Plus, IRA clean energy incentives should continue cutting the cost of wind- and solar-generated electricity, saving consumers more money. Heat pumps are three to five times more efficient than gas furnaces, and they run on more price-stable electricity rather than volatile natural gas. for the first time last year-even before new Inflation Reduction Act (IRA) incentives for heat pumps kicked in.

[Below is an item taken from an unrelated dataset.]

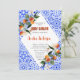 Bonito convite de chá de fraldas de laranja mediterrânico de cor aquática. Este design de laranja moderno pode ser personalizado para um chá de fraldas, um brunch, um almoço, um janto ou outra ocasião. Entre em contato com o designer para verificar se há variações neste design ou se há produtos correspondentes.
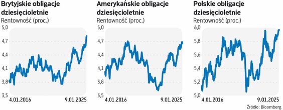 Rentowność brytyjskich obligacji dziesięcioletnich sięgała w czwartek nawet 4,96 proc., czyli najwyższego poziomu od 2008 r. W przypadku papierów trzydziestoletnich dochodziła ona do 5,44 proc. i była najwyższa od 1998 r. Tymczasem funt stał się najsłabszy od 14 miesięcy wobec dolara. W czwartek rano za 1 funta płacono tylko 1,225 USD. Niewiele więc pomogła środowa werbalna interwencja brytyjskiego resortu finansów, w ramach której Rachel Reeves, kanclerz skarbu, zapewniała, że będzie trzymała finanse publiczne w "żelaznym uścisku". Sytuacja na rynku obligacji była w czwartek tematem debaty w parlamencie brytyjskim. Opozycja wzywała kanclerz Reeves do rezygnacji z podróży do Chin i zajęcia się powstrzymywaniem wstrząsów na rynkach. Pojawiły się porównania z kryzysem rynkowym z jesieni 2022 r. (wówczas konserwatywny rząd Liz Truss sprowokował wyprzedaż funta i obligacji swoimi planami cięcia podatków), a nawet z brytyjskim kryzysem zadłużeniowym z 1976 r.

Likewise, electric heat pump sales surpassed gas-powered furnaces in the U.S. BROWN/AFP via Getty Images) AFP via Getty Images US President Joe Biden's administration unveiled new proposed auto emissions rules, aiming to accelerate the electric vehicle transition with a target of two-thirds of the new US car market by 2032. Environmental Protection Agency rules and state policies could mean the vast majority of cars on the road will be electric within a couple decades – OPEC’s latest supply manipulations would hurt your wallet a lot less if you’re plugging in instead of filling up.Įelectric vehicles are charging at a charging station in Monterey Park, California, on April 12. new-car buyers could find an EV at the price and size they want, from their favored brand, by the end of this year.” The 5% threshold has precipitated mass EV adoption in the 18 other countries that have hit that sales level, and a recent JD Powers study found “about half of U.S. may have already surged past a key EV tipping point, passing 5% of new car sales en route to 8% of sales in 2022. Mason, an economist at John Jay College, City University of New York.ĮV sales are accelerating and car manufacturers are regularly debuting new models. “If you remove our reliance on fossil fuels you remove the biggest source of inflation in the economy,” says J.W. But that’s no longer the case- today, we have new technologies that let us get off the fossil fuel rollercoaster.
#Markx electric fuel pump drivers#
Most drivers had no affordable alternative to gas-powered cars and trucks, and despite utility bills fluctuating from one year to the next, consumers were still stuck with gas furnace, oil or propane heating. Until recently, consumers were stuck with fossil fuels – for better or worse. consumers sacrificed on essentials like food or medicine to pay energy bills in 2022. These surges mean hard tradeoffs for families- a third of U.S. Energy Information Administrationįor example, last winter natural gas prices rose an average of 27%, whereas electricity prices increased an average of 4%.